La Valse des pantins est pour moi un film profondément irritant, presque pénible à supporter de bout en bout. Bien qu’amateur de Robert De Niro, je trouve ici son personnage non seulement antipathique, mais littéralement insupportable. Son débit de parole incessant, son culot envahissant et son absence totale de grâce finissent par user la patience du spectateur. Là où le film semble vouloir provoquer le malaise ou la satire, il ne produit qu’un ennui agacé.
Le problème est aggravé par le choix de Jerry Lewis, étonnamment terne et renfrogné. Voir un comique de cette stature passer l’essentiel du film à afficher une mine fermée et une froideur hautaine relève presque de l’absurde — mais d’un absurde stérile, sans mordant ni intelligence comique. Aucun contrepoint, aucune respiration : uniquement des personnages antipathiques qui se regardent en chiens de faïence.

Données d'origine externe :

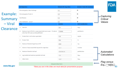 图14展现的是一个具体工序,关键工艺参数 和质量属性 都已数字化,可编辑可检索。值得注意的是,部分数据,如最大蛋白病毒负载之类的参数,是自动计算得出的(意味着这张表单背后也带有“算法”),同时,最下面的绿色部分是结论性内容,即“安全因素充分”(adequate safety factor),来自于预期标准和实际数据的对比。

Le scénario, prétendument satirique, tourne à vide. Il n’y a ni progression dramatique convaincante, ni véritable tension, ni plaisir narratif. L’obsession du personnage principal n’éclaire rien, ne révèle rien, et n’évolue jamais : elle se répète, s’étire et finit par lasser. La critique des médias et de la célébrité, souvent invoquée pour défendre le film, paraît ici pesante, démonstrative et étonnamment creuse.
Quant à la mise en scène de Martin Scorsese, elle semble inhabituellement fade, presque désincarnée, comme si le cinéaste lui-même se tenait à distance de son sujet. L’ensemble donne une impression de froideur clinique, mais sans la rigueur ni la profondeur qui pourraient justifier ce choix esthétique.
Au final, La Valse des pantins m’apparaît comme un film complaisant dans son malaise, dépourvu d’empathie, d’humour et de véritable propos incarné. Malgré mon attachement à Robert De Niro, il m’a été difficile — voire pénible — d’aller jusqu’au bout. Une œuvre que je comprends intellectuellement, mais que je rejette presque entièrement sur le plan du plaisir de cinéma.